• EXERCISE: For each record that follows, restate the text exactly and drop the pictures.

• EXTRACTED RECORDS:

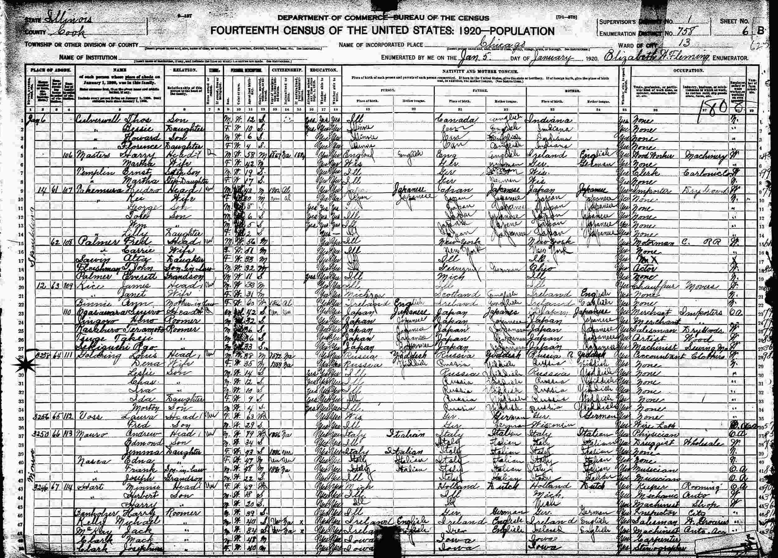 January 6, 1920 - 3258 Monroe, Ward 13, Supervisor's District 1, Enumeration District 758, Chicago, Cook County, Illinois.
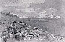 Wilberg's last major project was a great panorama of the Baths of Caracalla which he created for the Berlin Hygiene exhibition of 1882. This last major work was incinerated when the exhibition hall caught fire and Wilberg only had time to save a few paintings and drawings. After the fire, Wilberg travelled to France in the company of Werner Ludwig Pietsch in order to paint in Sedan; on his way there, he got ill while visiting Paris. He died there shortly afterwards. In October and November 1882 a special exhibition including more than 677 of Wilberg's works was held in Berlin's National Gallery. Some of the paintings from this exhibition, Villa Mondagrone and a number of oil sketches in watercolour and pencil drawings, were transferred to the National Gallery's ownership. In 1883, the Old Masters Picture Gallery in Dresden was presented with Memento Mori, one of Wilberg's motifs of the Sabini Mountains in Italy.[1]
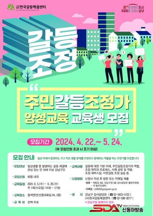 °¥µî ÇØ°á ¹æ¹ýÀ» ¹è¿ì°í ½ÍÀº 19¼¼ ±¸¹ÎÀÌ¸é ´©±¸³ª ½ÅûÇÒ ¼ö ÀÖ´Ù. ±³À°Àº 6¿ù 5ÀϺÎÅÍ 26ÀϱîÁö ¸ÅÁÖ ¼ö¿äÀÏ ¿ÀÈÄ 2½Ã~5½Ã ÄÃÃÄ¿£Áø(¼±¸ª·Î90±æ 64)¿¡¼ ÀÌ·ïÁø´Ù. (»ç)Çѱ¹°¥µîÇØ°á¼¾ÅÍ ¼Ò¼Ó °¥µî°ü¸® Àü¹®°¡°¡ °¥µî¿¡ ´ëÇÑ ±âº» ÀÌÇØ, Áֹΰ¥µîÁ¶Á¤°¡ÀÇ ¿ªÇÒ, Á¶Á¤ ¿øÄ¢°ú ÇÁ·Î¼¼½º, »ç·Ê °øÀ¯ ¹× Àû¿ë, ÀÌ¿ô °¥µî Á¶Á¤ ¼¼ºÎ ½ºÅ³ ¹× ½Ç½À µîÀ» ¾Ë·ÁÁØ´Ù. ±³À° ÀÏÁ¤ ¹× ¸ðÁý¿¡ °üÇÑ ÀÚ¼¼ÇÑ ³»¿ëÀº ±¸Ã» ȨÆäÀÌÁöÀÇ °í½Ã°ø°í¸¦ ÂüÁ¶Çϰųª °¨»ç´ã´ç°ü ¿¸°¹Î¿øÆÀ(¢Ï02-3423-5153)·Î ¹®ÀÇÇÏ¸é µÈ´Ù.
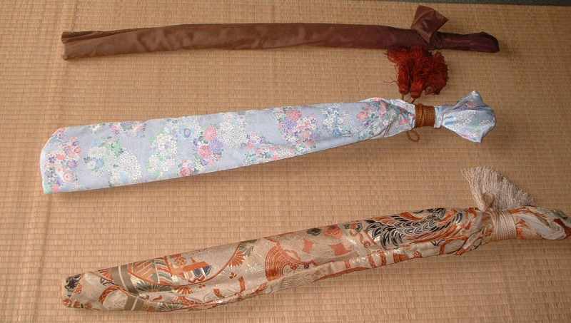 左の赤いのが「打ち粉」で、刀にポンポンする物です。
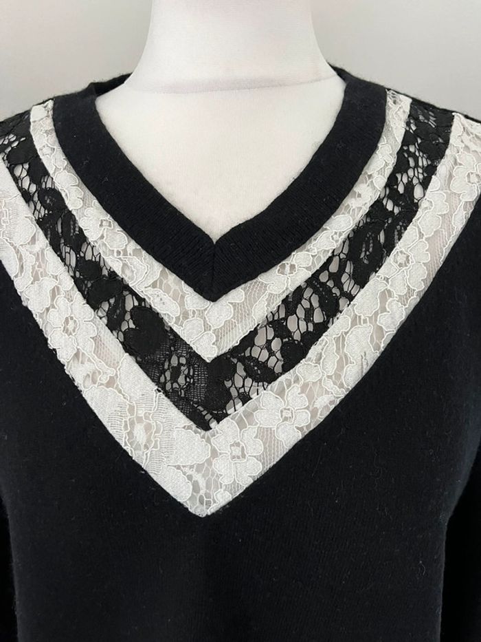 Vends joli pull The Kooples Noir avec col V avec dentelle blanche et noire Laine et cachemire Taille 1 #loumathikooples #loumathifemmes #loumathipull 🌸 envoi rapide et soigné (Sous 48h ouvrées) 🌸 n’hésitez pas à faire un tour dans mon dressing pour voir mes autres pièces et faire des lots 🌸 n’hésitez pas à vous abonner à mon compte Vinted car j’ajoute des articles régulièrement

• ANSWER SECTION:
 January 6, 1920 - 3258 Monroe, Ward 13, Supervisor's District 1, Enumeration District 758, Chicago, Cook County, Illinois.
 Wilberg's last major project was a great panorama of the Baths of Caracalla which he created for the Berlin Hygiene exhibition of 1882. This last major work was incinerated when the exhibition hall caught fire and Wilberg only had time to save a few paintings and drawings. After the fire, Wilberg travelled to France in the company of Werner Ludwig Pietsch in order to paint in Sedan; on his way there, he got ill while visiting Paris. He died there shortly afterwards. In October and November 1882 a special exhibition including more than 677 of Wilberg's works was held in Berlin's National Gallery. Some of the paintings from this exhibition, Villa Mondagrone and a number of oil sketches in watercolour and pencil drawings, were transferred to the National Gallery's ownership. In 1883, the Old Masters Picture Gallery in Dresden was presented with Memento Mori, one of Wilberg's motifs of the Sabini Mountains in Italy.[1]
 °¥µî ÇØ°á ¹æ¹ýÀ» ¹è¿ì°í ½ÍÀº 19¼¼ ±¸¹ÎÀÌ¸é ´©±¸³ª ½ÅûÇÒ ¼ö ÀÖ´Ù. ±³À°Àº 6¿ù 5ÀϺÎÅÍ 26ÀϱîÁö ¸ÅÁÖ ¼ö¿äÀÏ ¿ÀÈÄ 2½Ã~5½Ã ÄÃÃÄ¿£Áø(¼±¸ª·Î90±æ 64)¿¡¼ ÀÌ·ïÁø´Ù. (»ç)Çѱ¹°¥µîÇØ°á¼¾ÅÍ ¼Ò¼Ó °¥µî°ü¸® Àü¹®°¡°¡ °¥µî¿¡ ´ëÇÑ ±âº» ÀÌÇØ, Áֹΰ¥µîÁ¶Á¤°¡ÀÇ ¿ªÇÒ, Á¶Á¤ ¿øÄ¢°ú ÇÁ·Î¼¼½º, »ç·Ê °øÀ¯ ¹× Àû¿ë, ÀÌ¿ô °¥µî Á¶Á¤ ¼¼ºÎ ½ºÅ³ ¹× ½Ç½À µîÀ» ¾Ë·ÁÁØ´Ù. ±³À° ÀÏÁ¤ ¹× ¸ðÁý¿¡ °üÇÑ ÀÚ¼¼ÇÑ ³»¿ëÀº ±¸Ã» ȨÆäÀÌÁöÀÇ °í½Ã°ø°í¸¦ ÂüÁ¶Çϰųª °¨»ç´ã´ç°ü ¿¸°¹Î¿øÆÀ(¢Ï02-3423-5153)·Î ¹®ÀÇÇÏ¸é µÈ´Ù.
 左の赤いのが「打ち粉」で、刀にポンポンする物です。
 Vends joli pull The Kooples Noir avec col V avec dentelle blanche et noire Laine et cachemire Taille 1 #loumathikooples #loumathifemmes #loumathipull 🌸 envoi rapide et soigné (Sous 48h ouvrées) 🌸 n’hésitez pas à faire un tour dans mon dressing pour voir mes autres pièces et faire des lots 🌸 n’hésitez pas à vous abonner à mon compte Vinted car j’ajoute des articles régulièrement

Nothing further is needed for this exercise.